= Affirmation Scotland =

LGBTQ-affirming Church of Scotland network

Affirmation Scotland was a network within the Church of Scotland seeking full inclusion of the LGBT communities within the Church. It was founded in 2006, during the debate as to whether ministers should be allowed to conduct civil partnership ceremonies. The activities of Affirmation Scotland were coordinated by The Revd. Blair Robertson. At the annual General Assembly Service of Affirmation Scotland in May 2016 Affirmation Scotland was wound up.
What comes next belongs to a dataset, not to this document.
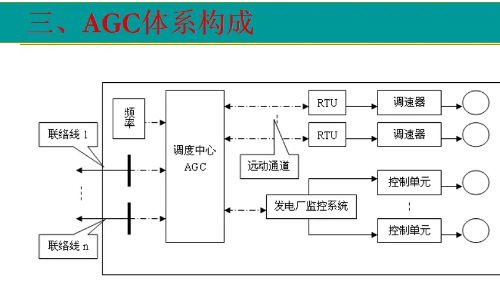 自动发电控制(Automatic Gain Control)简称AGC,它是能量管理系统(EMS)的重要组成部分。按电网调度中心的控制目标将指令发送给有关发电厂或机组,通过电厂或机组的自动控制调节装置,实现对发电机功率的自动控制。

It exists as a Facebook page where people can post news of interest to LGBTI people, and their friends, connected to The Church of Scotland.

==Background==
Affirmation Scotland calls for a Church characterised by grace, compassion and inclusion. While specifically seeking the affirmation and dignity of lesbian and gay Christians within the church, it also seeks a progressive Church in a wider theological sphere, inspired by the Spirit of God, that is semper reformanda – always reforming, always in accordance with a critical understanding of the Word of God.
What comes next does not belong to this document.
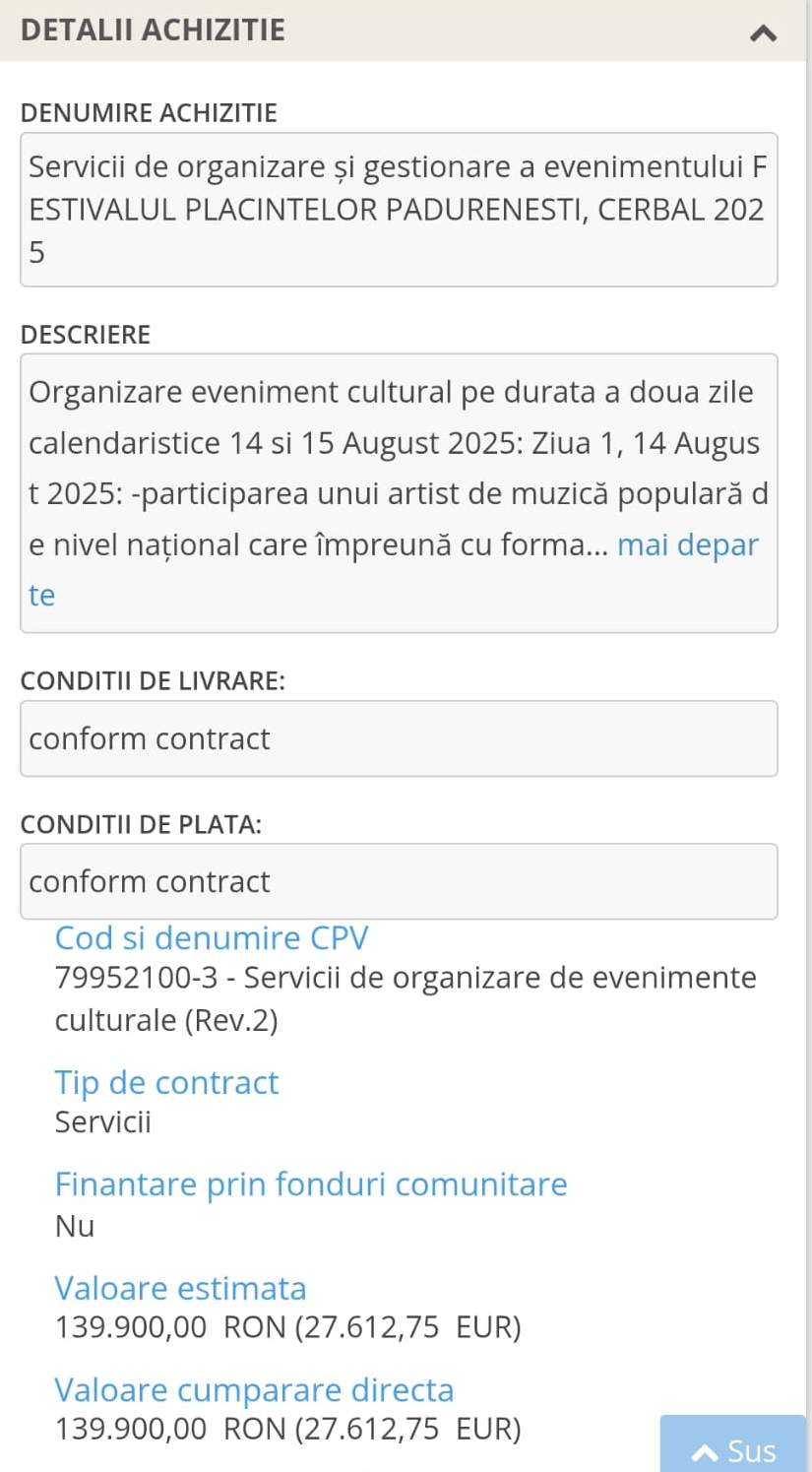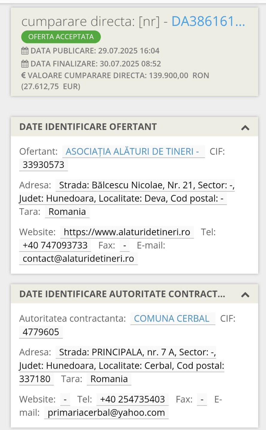 Potrivit informațiilor publice, Primăria Cerbăl, condusă de PSD, a atribuit asociației, prin încredințare directă, un contract în valoare de 139.900 de lei pentru serviciile de organizare și gestionare a festivalului. Emanuel Clej spune că suma acoperă nu doar tarifele de organizare propriu -zisă, dar și onorariile pentru artiști, formații și ansambluri populare, plata instrumentiștilor și a prezentatorului, promovarea evenimentului, cazarea, masa și transportul acestora.

One of its most prominent supporters has been Professor George Newlands of Glasgow University, emeritus professor of divinity.

==Services==
Affirmation Scotland offers a ministry of care, hope and advocacy to lesbian, gay, bisexual and transgender (lgbt) Christians, their families and supporters. It also seeks to contribute to the debate within the Kirk on human sexuality from a progressive perspective. The network provided pastoral care to a number of LGBT people, delivered workshops for Kirk Sessions and other church groups and held a Retreat-style conference for a number of years.
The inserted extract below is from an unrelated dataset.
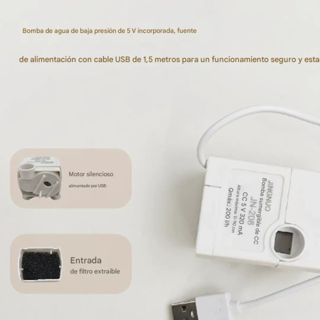Funciona mediante conexión USB, asegurando un flujo constante y estable de agua.

Affirmation Scotland sought to:

- create safe places and times for gay people and their friends to meet for worship, fellowship, and support.
- organise events that promote an inclusive church.
- provide resources to the Kirk and the LGBT community promoting the belief that God welcomes into God's family all people regardless of gender, gender identity, or sexual orientation.
- speak out for the dignity and place of gay Christians whenever this is under attack.
- respond appropriately to approaches by the media for comment on issues related to the Kirk.
- be a presence – reminding the Kirk in a consistent way that the lgbt community has always been and is present within the Kirk.